- _About this task_:
The following entries are to be repeated exactly, and the pictures are to be left behind.

- _Exercise inputs_:

=-=-=-=-=

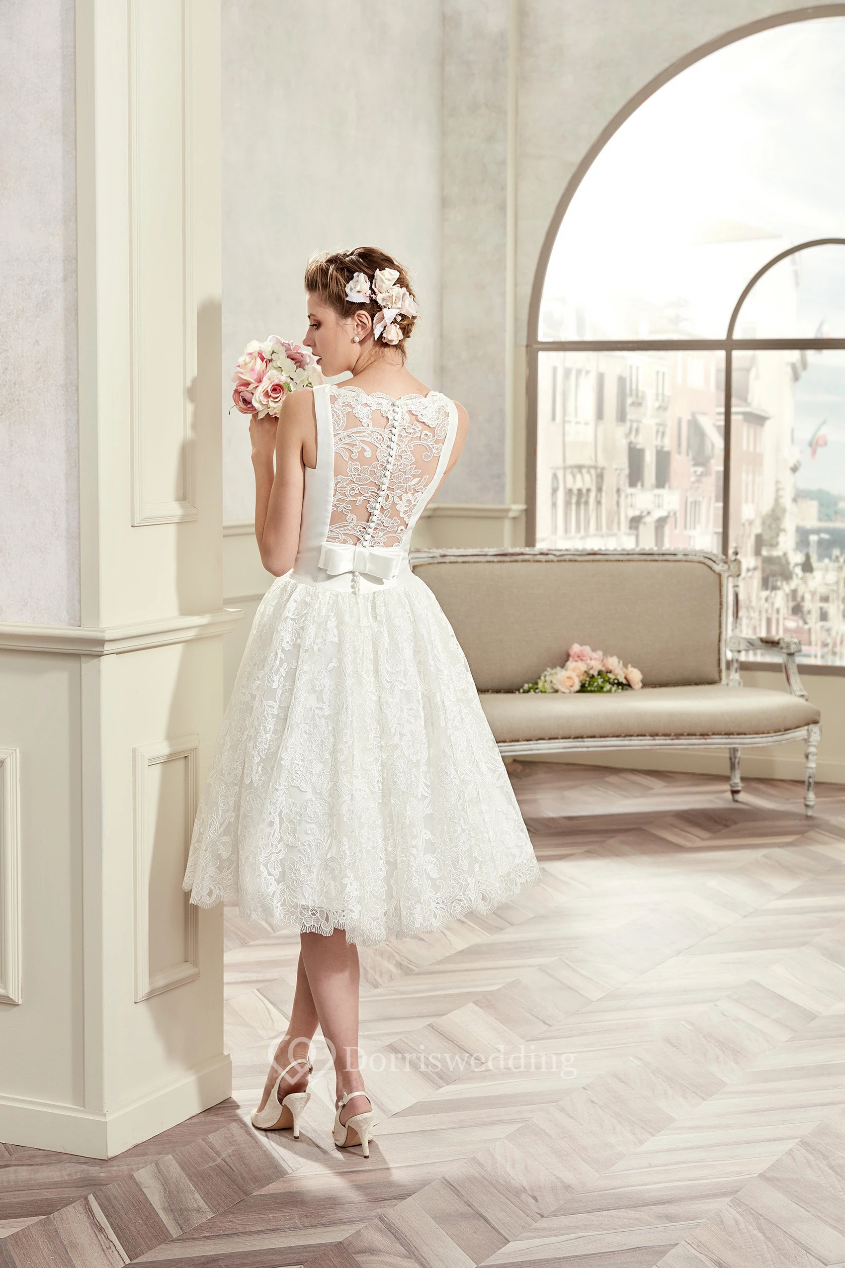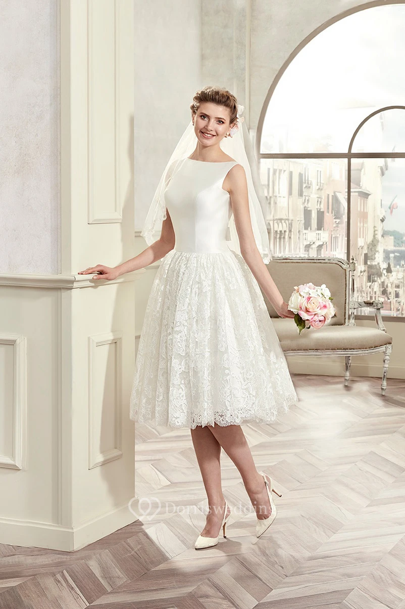 Jewel-Neck Knee-Length Bridal Gown With Satin Bodice And Illusive Lace Back
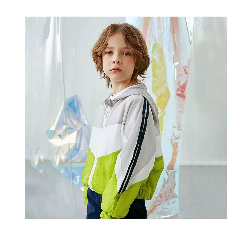 植木儿童撞色男童连帽拉链外套
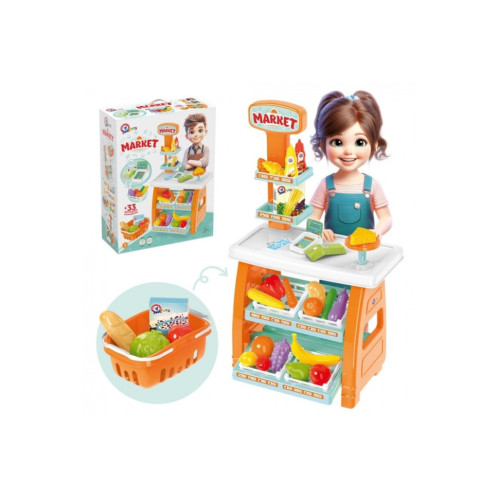 Игровой детский набор "Маркет" 0730TXK прилавок с полками, корзина, разные продукты
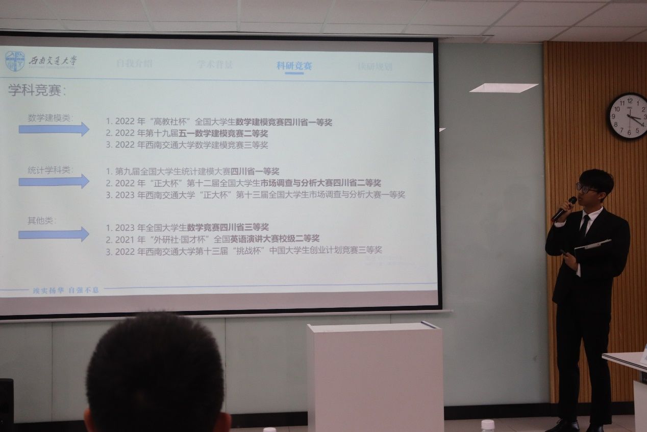 首先,吕薇老师向大家介绍了省级优秀毕业生评选的流程和评审小组成员。随后,汪泽新、韦杰、张诗语、李步云、刘向阳、贾起超、黄崇博、罗梦甜、韩雨航、朱秀玲、李晓冰、张翔、张晓洋、刘柏轩14名候选人依次进行答辩。他们分别从学习成绩、科研竞赛、荣誉获奖、学生工作、社会实践以及未来展望等方面,向评委老师们介绍自己在大学期间取得的收获与成长。候选人们以自己优秀的专业成绩、科研竞赛成果以及丰富的社会实践经历,诠释了“竢实扬华,自强不息”的交大精神。
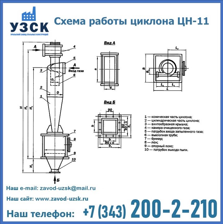 При этом ощутимой разницы в цене между универсальным и узконаправленным, подобранным в соответствии с конкретными техническими требованиями циклоном, нет. Стоимость воздухоочистительного оборудования типа циклон обусловлена маркой и толщиной стали, из которого он изготовлен, сложностью и специфичностью конструкции, наличием дополнительного оснащения (бункер, улитка и другие). При необходимости, на заводе УЗСК в Новочеркасске будет изготовлен циклон по индивидуальным техническим чертежам заказчика.
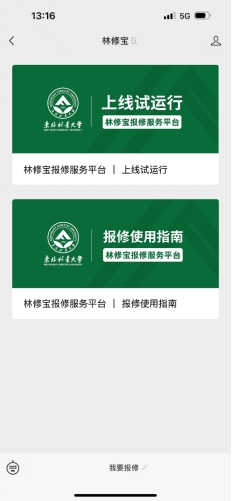 2.关注成功后,可查看公众号内提供的“报修服务平台使用指南”,或直接打开本通知附件《“林修宝”报修服务平台使用指南》,按使用指南进行身份认证后,即可正常使用。
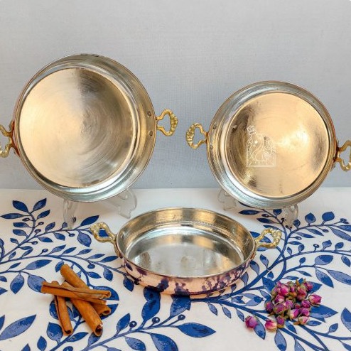 Изящная форма с невысокими бортиками и удобными латунными ручками делает эту сковороду не только функциональной, но и невероятно красивой. Ее можно использовать как для готовки, так и для эффектной подачи блюд на стол — плова, овощей, восточных закусок или ароматных сладостей.
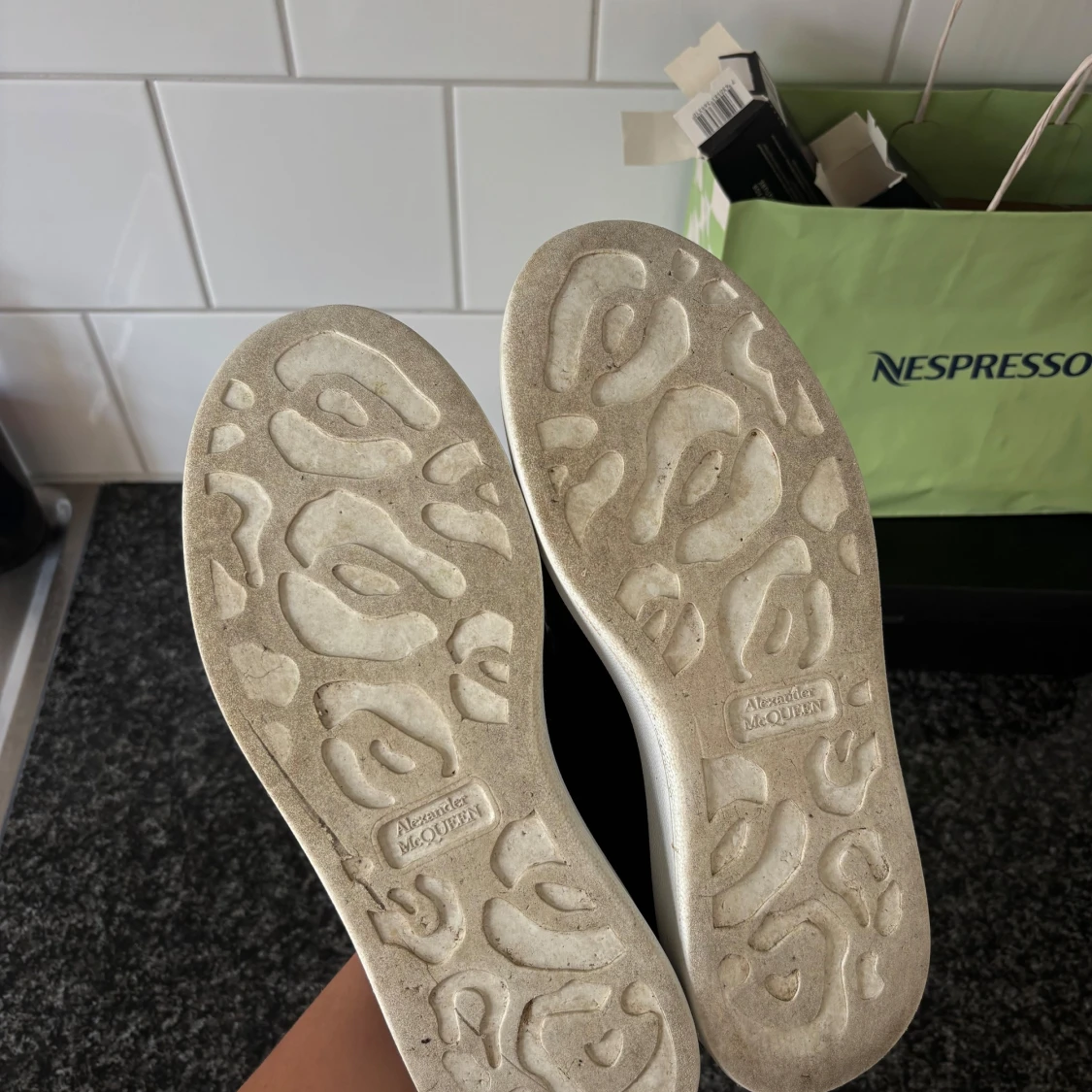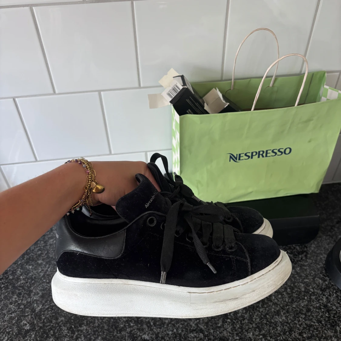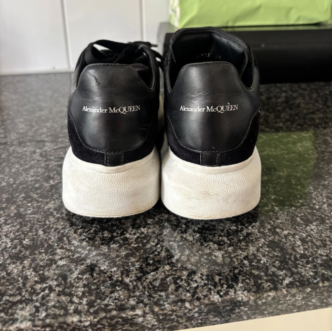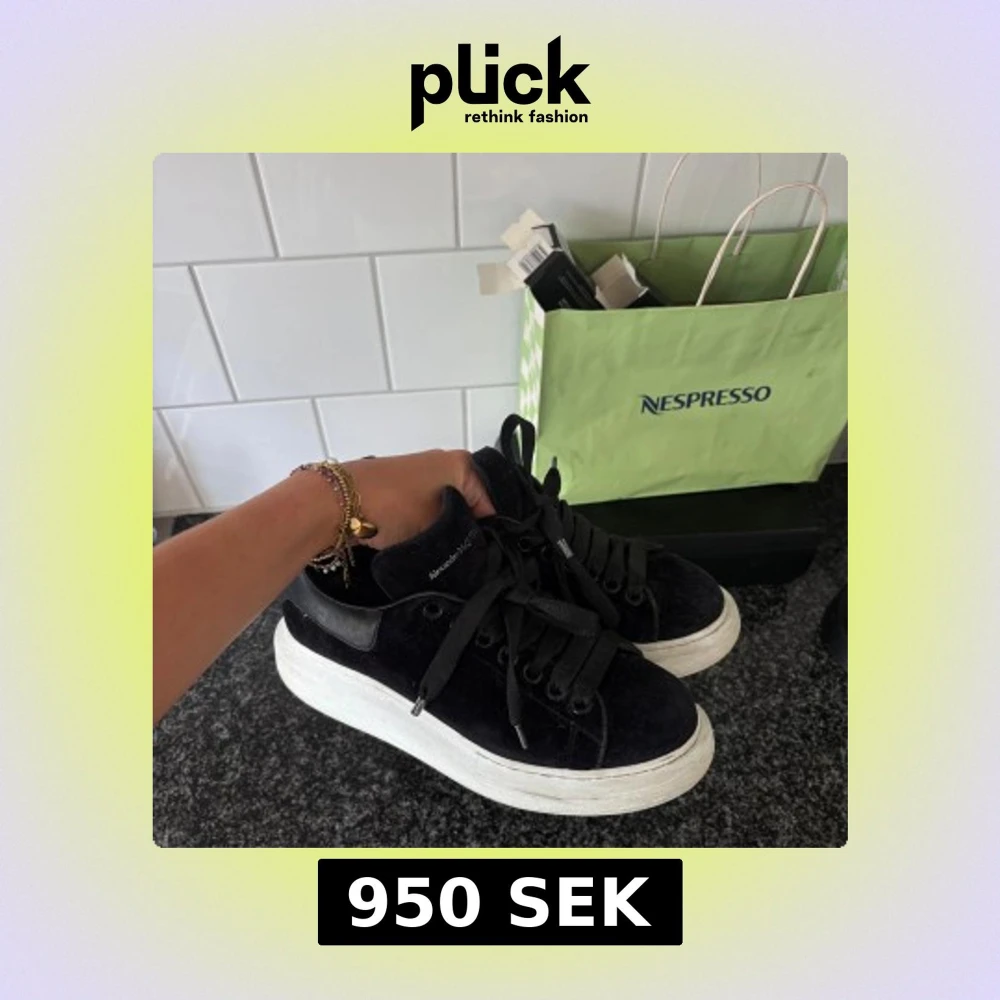 Chunky svarta sneakers från Alexander McQueen med vit plattformsula och svarta skosnören. STORLEK 38. Säljer då dem tyvvär är för stora och blivit stående. Jätte fint skick

=-=-=-=-=

- _Task response_:
 Jewel-Neck Knee-Length Bridal Gown With Satin Bodice And Illusive Lace Back
 植木儿童撞色男童连帽拉链外套
 Игровой детский набор "Маркет" 0730TXK прилавок с полками, корзина, разные продукты
 首先,吕薇老师向大家介绍了省级优秀毕业生评选的流程和评审小组成员。随后,汪泽新、韦杰、张诗语、李步云、刘向阳、贾起超、黄崇博、罗梦甜、韩雨航、朱秀玲、李晓冰、张翔、张晓洋、刘柏轩14名候选人依次进行答辩。他们分别从学习成绩、科研竞赛、荣誉获奖、学生工作、社会实践以及未来展望等方面,向评委老师们介绍自己在大学期间取得的收获与成长。候选人们以自己优秀的专业成绩、科研竞赛成果以及丰富的社会实践经历,诠释了“竢实扬华,自强不息”的交大精神。
 При этом ощутимой разницы в цене между универсальным и узконаправленным, подобранным в соответствии с конкретными техническими требованиями циклоном, нет. Стоимость воздухоочистительного оборудования типа циклон обусловлена маркой и толщиной стали, из которого он изготовлен, сложностью и специфичностью конструкции, наличием дополнительного оснащения (бункер, улитка и другие). При необходимости, на заводе УЗСК в Новочеркасске будет изготовлен циклон по индивидуальным техническим чертежам заказчика.
 2.关注成功后,可查看公众号内提供的“报修服务平台使用指南”,或直接打开本通知附件《“林修宝”报修服务平台使用指南》,按使用指南进行身份认证后,即可正常使用。
 Изящная форма с невысокими бортиками и удобными латунными ручками делает эту сковороду не только функциональной, но и невероятно красивой. Ее можно использовать как для готовки, так и для эффектной подачи блюд на стол — плова, овощей, восточных закусок или ароматных сладостей.
 Chunky svarta sneakers från Alexander McQueen med vit plattformsula och svarta skosnören. STORLEK 38. Säljer då dem tyvvär är för stora och blivit stående. Jätte fint skick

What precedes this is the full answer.